J Stavropoulou. | Looking into a borehole. Kingston Farm.

Photo: J Stavropoulou. | Looking into a borehole. Kingston Farm.

We leave the community behind and the team in the car is excited and pleased with the good work they have done. They tell me I will see that no more patients will come from this site. That there is no need to take over the clinic’s building and build a proper CTC. They tell me they don’t understand why people exaggerate this cholera crisis, that they have everything under control.

Next day though, seven more cases of cholera come from Kingston Farm.

Funeral

Sunday, March 1st, 2009

By checking on their cholera treatment center in Chiwardizo clinic in Bindura (about 88 kilometers northeast of Harare), MSF teams found a new spike in cases on February 22, with 65 people admitted and the numbers rising rapidly.
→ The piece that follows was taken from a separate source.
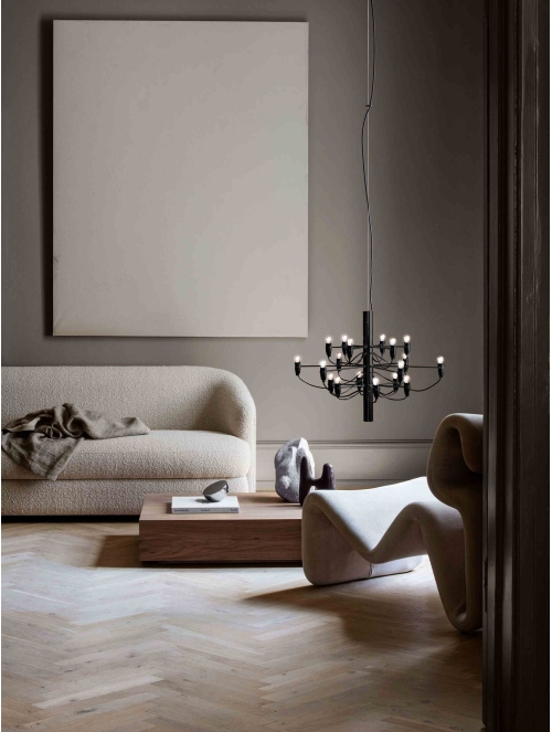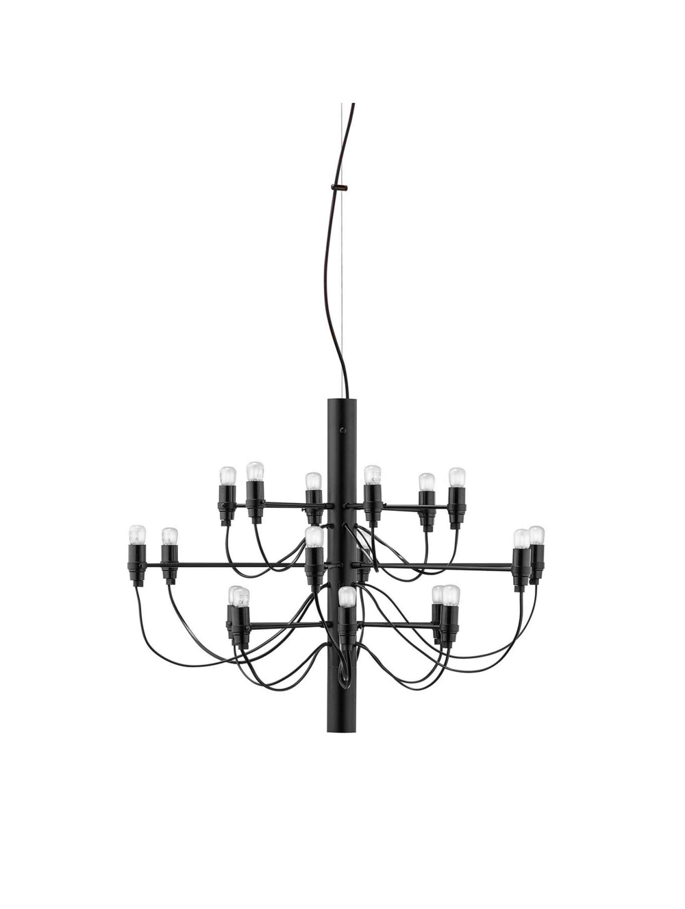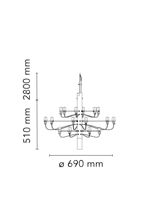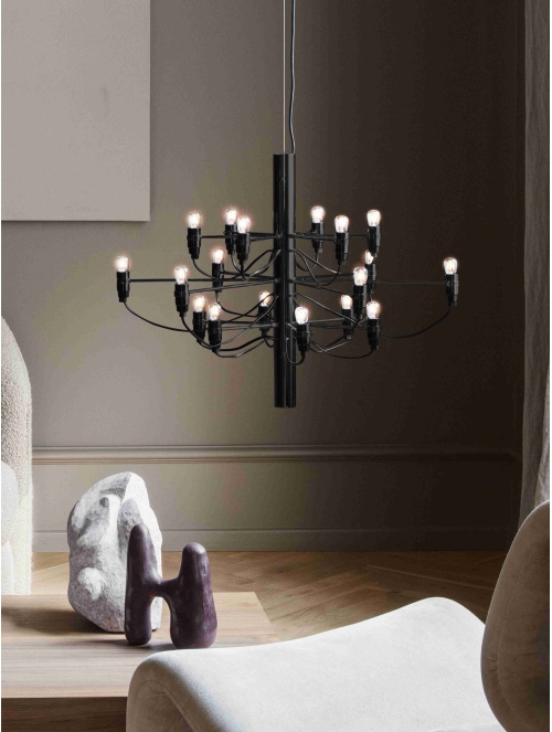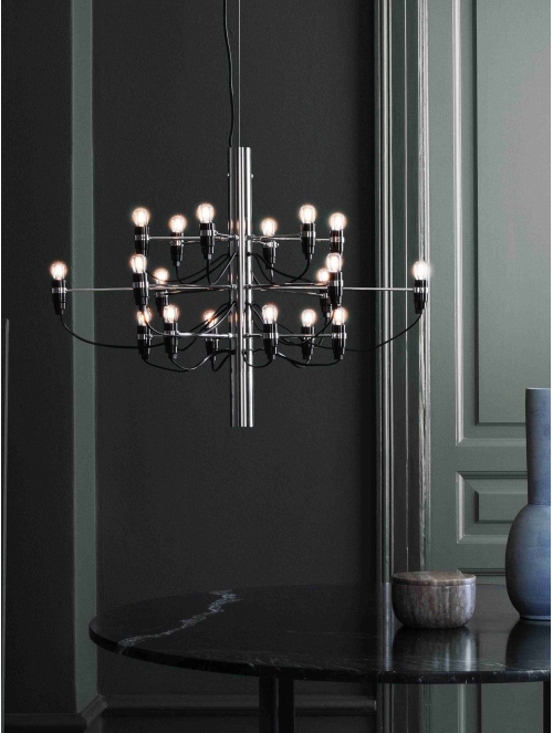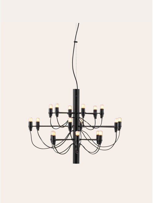 Una reinterpretación contemporánea del clásico candelabro, donde 18 brazos metálicos se despliegan en perfecta armonía, cada uno coronado por una bombilla esmerilada que difunde una luz suave y envolvente

I went to visit Chiwardizo for a couple of days soon afterwards.

J Stavropoulou | Chiwardizo Clinic, Bindura

Photo: J Stavropoulou | Chiwardizo Clinic, Bindura

The patio of Chiwaridzo clinic, in the north-eastern city of Bindura, is filled up with cholera cases from a community called Kingston Farm. The local health authorities plan to go there and I ask if I can go along with them. “Aa, no problem we will come just now to pick you up.”

J Stavropoulou | Treating a man at Chiwardizo Clinic

Photo: J Stavropoulou | Treating a man at Chiwardizo Clinic

They then all get in a white pick-up truck and drive off leaving me standing in the clinic’s patio; I wonder if they will come back or just blow me off. It is midday and excruciating hot. I realize that they must have gone off for lunch. I join Nick, our water and sanitation expert, in the back of our car where we are at least shaded from the blinding sun. We munch on some snack food, chat and drink warm chlorine-treated water from our tank. Tana, an MSF Environmental Officer and part of our Emergency Team, comes over to get something to drink. I ask how things are in the camp; ‘it’s TOO hot!’ she complains and also says that proper cleaning and disinfecting needs to be done to the camp. She mentions that especially in the left corner there is a terrible smell emanating from something.
Just as I was thinking that the health officials weren’t coming back to pick me up they show up and back up their pick-up truck towards the camp entrance. ‘What you think their doing?’ I ask as Nick and I both peer around the side of our open back door. ‘I don’t know, loading up supplies I suppose,’ says Nick. I get off our car and walk over while shading my eyes. Then I see them carrying out an elongated object wrapped in black plastic sheeting. It takes me a moment to realize that it is a corpse. Somebody standing beside me says what a shame they had left the body there all day behind the tent in this heat.

The local men stash the body in the back of the pick-up and wave to me to join them. I feel rather queasy getting in the car with the corpse in the back, but we all pile in and set off. There are three of us squished in the back and the man in dark olive work suit next to me is reeking powerful chlorine fumes. Introductions are made all around and I realize that my immediate neighbour is actually the undertaker. I roll down the window even further.

We ride out into the countryside. Since it is the hot rainy season everything is green and overflowing. I have never seen grass so tall, at places it is double the height of the car and it feels like we are swimming through it.

We stop at the deceased’s village. Yellow-ochre round mud huts topped with conical thatching surrounded by soya crops. I find out the deceased is an old lady who does not have relatives to take care of her burial. As we dive through more tall grass I wonder at this life that has passed away, who she was, what her worries were, what her joys. How many lives have been taken by this bacterium scourging this beautiful land?

Suddenly one of the young men who jumped onto the back of our car earlier to help with the burial, slaps the side of the truck. I wonder if something fell off, but then realize that there is a small little track off the right of the road through trees and grass. I walk over with them and see a clearing surrounded by trees while a carpet of orange flowers spreads out beneath. It is very peaceful. A nice place to be laid to rest.